Wildlife Crime Tech Challenge

Photo Credit: WCS/Mark Atkinson
About the Problem

Wildlife trafficking is a threat to nature, security, and development

Poaching and the illegal wildlife trade have far-reaching ecological, national security, and economic consequences that are undermining decades of conservation and development gains. The black market for illegal wildlife products is worth an estimated $19 billion a year in value. Surging consumer demand has pushed market prices to record levels at a time when the internet provides an ideal marketplace—anonymous, lightly regulated, always "on"—for the buying and selling of illegal wildlife products.

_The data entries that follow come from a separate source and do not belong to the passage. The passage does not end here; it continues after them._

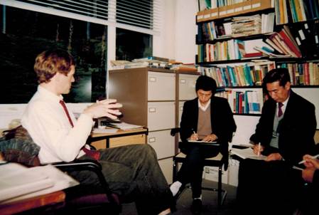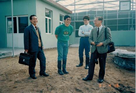 1991年,长崎大学多部田修教授访麦岛基地(左一)
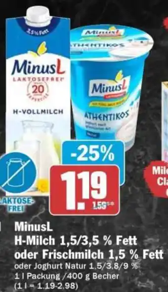 MinusL H-Milch 1,5/3,5 % Fett oder Frischmilch 1,5 % Fett oder Joghurt Natur Angebote und Online Aktionen direkt aus dem aktuellen HIT Angebot
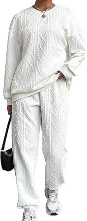 2025 가을 겨울 국경 유럽과 미국의 새로운 여성 트위스트 스티치 긴팔 라운드 넥 탑과 바지 투피스 세트스토어 가기
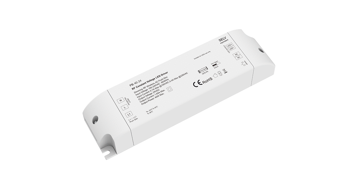 Vieno kanalo 1.67A nuolatinės įtampos 24V DC LED maitinimo šaltinis su RF imtuvu, skirtas vienos spalvos LED juostai. Pultelio veikimo dažnis yra 2,4GHz, tokio dažnio signalai gali sklisti toliau ir yra mažiau trikdomi kliūčių, tokių kaip sienos, pertvaros ir t.t. Valdiklis taip pat turi Push-Dim funkciją, tai reiškia, jog valdiklį galima valdyti ne tik su pulteliu, bet ir su įprastu skambučio tipo (Push-Dim) jungtuku.
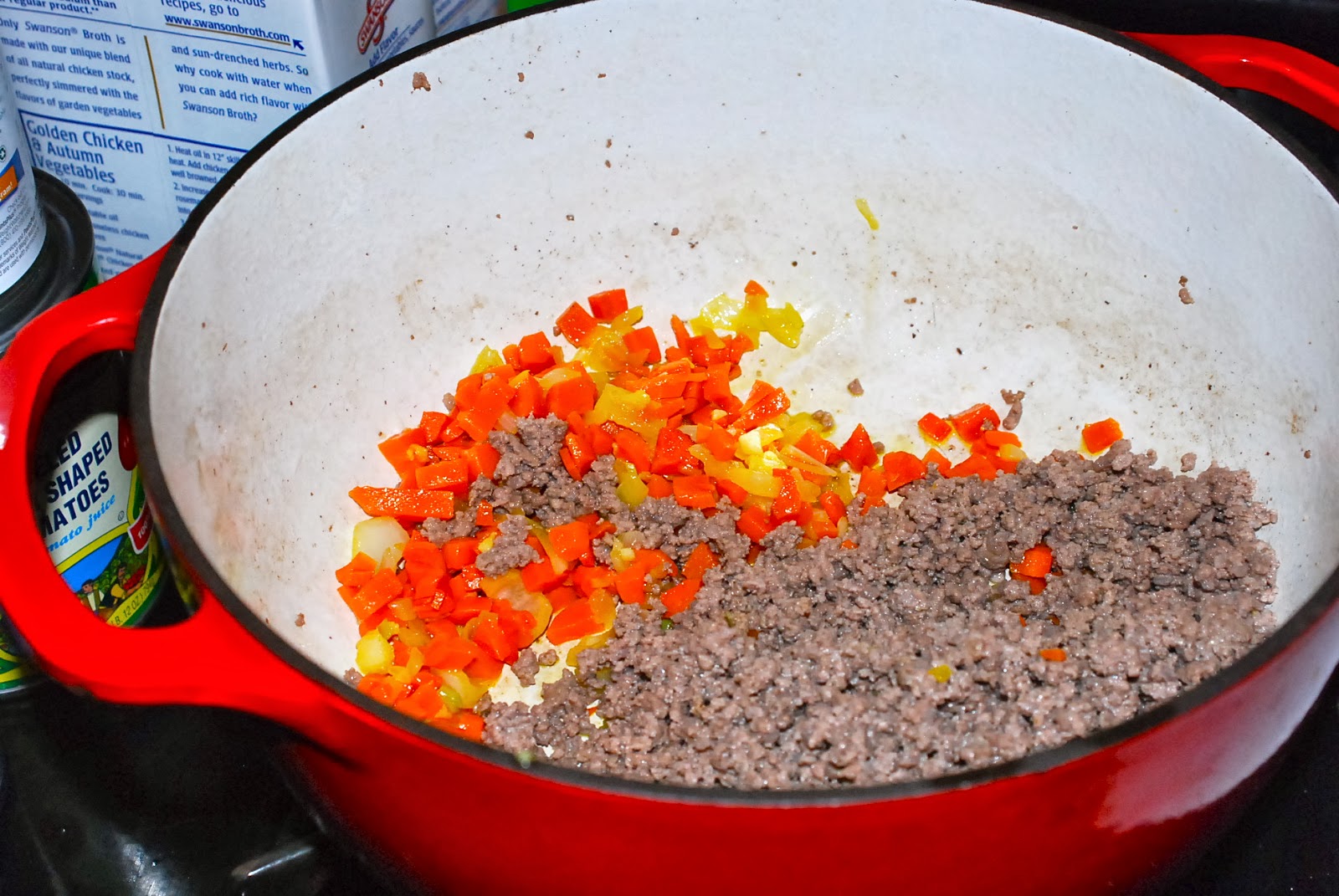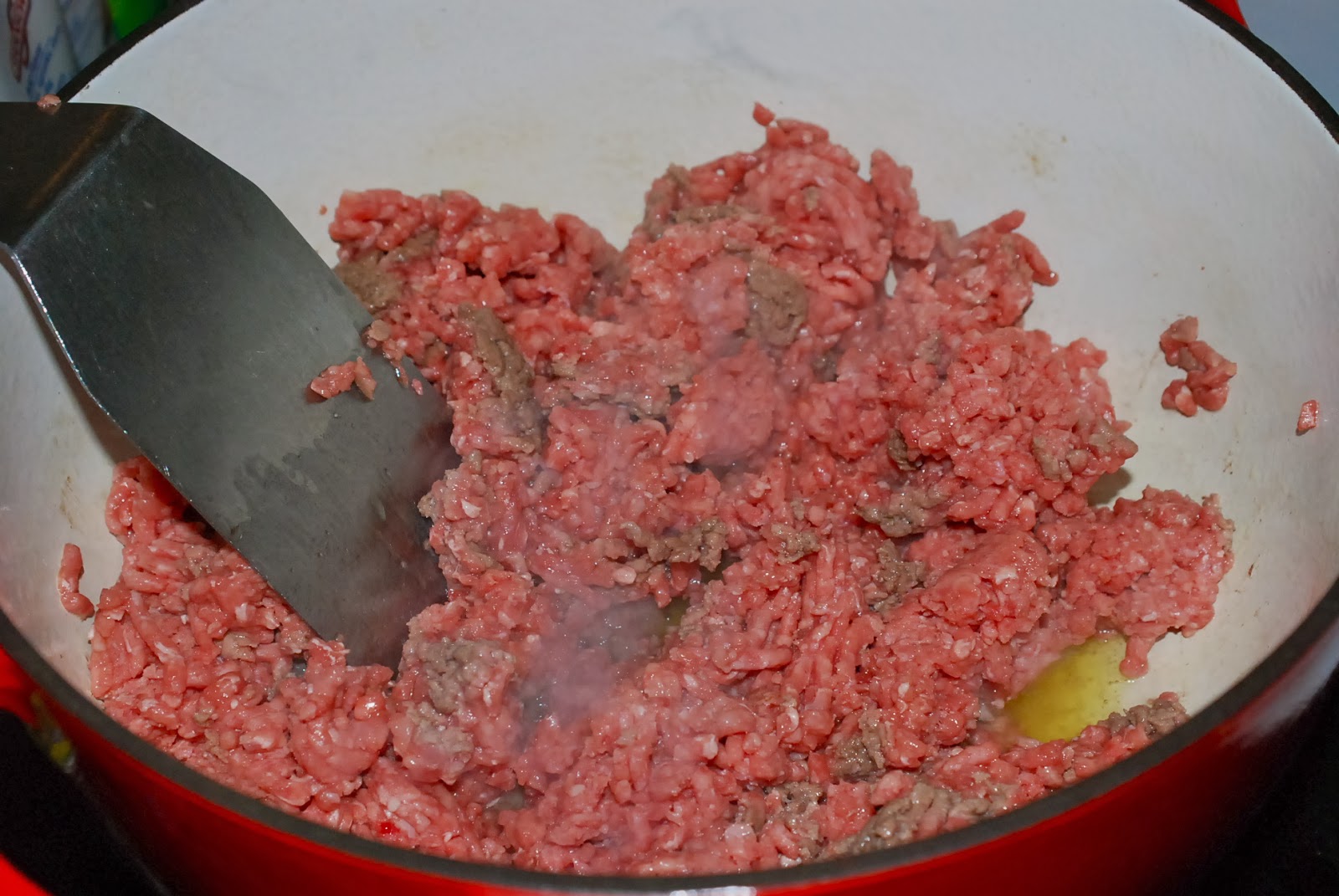After you let the meat drain a minute, add the meat and the carrot/onion/garlic mixture into your stock pot, assuming you can find where your children hid it when they emptied the dishwasher/washed up the pots and pans and put them away. Otherwise, you can use your braising pan, like I was forced to do.

Wildlife trafficking is pushing many animals, including species of elephants, tigers, rhinos, pangolins, turtles, sharks, and parrots, towards extinction. The illegal ivory trade increased by nearly 300 percent from 1998 to 2011. Even more dramatically, the number of rhinos poached annually increased more than 9000 percent from 13 in 2007 to a staggering 1,215 in 2014.

Wildlife and wildlife parts are primarily consumed both legally and illegally as:

  • exotic pets (geckos, parrots, aquarium fish, tigers, turtles)
  • trophies (whole mounts, hides, claws, teeth)
  • luxury items and souvenirs (furs, turtle shells, coral jewelry, ivory trinkets, leather clothing)
  • religious and cultural items (ivory carvings, beak carvings, feathers, claws, teeth, horns)
  • food (shark-fin soup , sea turtle and fish eggs, meat)
  • medicine (bear gallbladders, rhino horn, tiger bone)

The illegal trade in wildlife also undermines national security and economic development. Wildlife trafficking offers greater profit and lower risk of detection and prosecution than other forms of illicit trade, and has attracted transnational criminal networks, some with ties to forced labor and human trafficking. Heavily armed poachers and sophisticated criminal syndicates exploit limited law-enforcement capacity and corrupt officials with bribes and other favors, particularly in less stable or secure economies. In many parts of the world, wildlife tourism contributes significantly to national economies and is particularly important for communities that live in close proximity to wildlife. Traffickers steal the livelihoods of families that depend on tourism revenues and natural resources, and expose them to the hardened, dangerous criminals operating in their communities.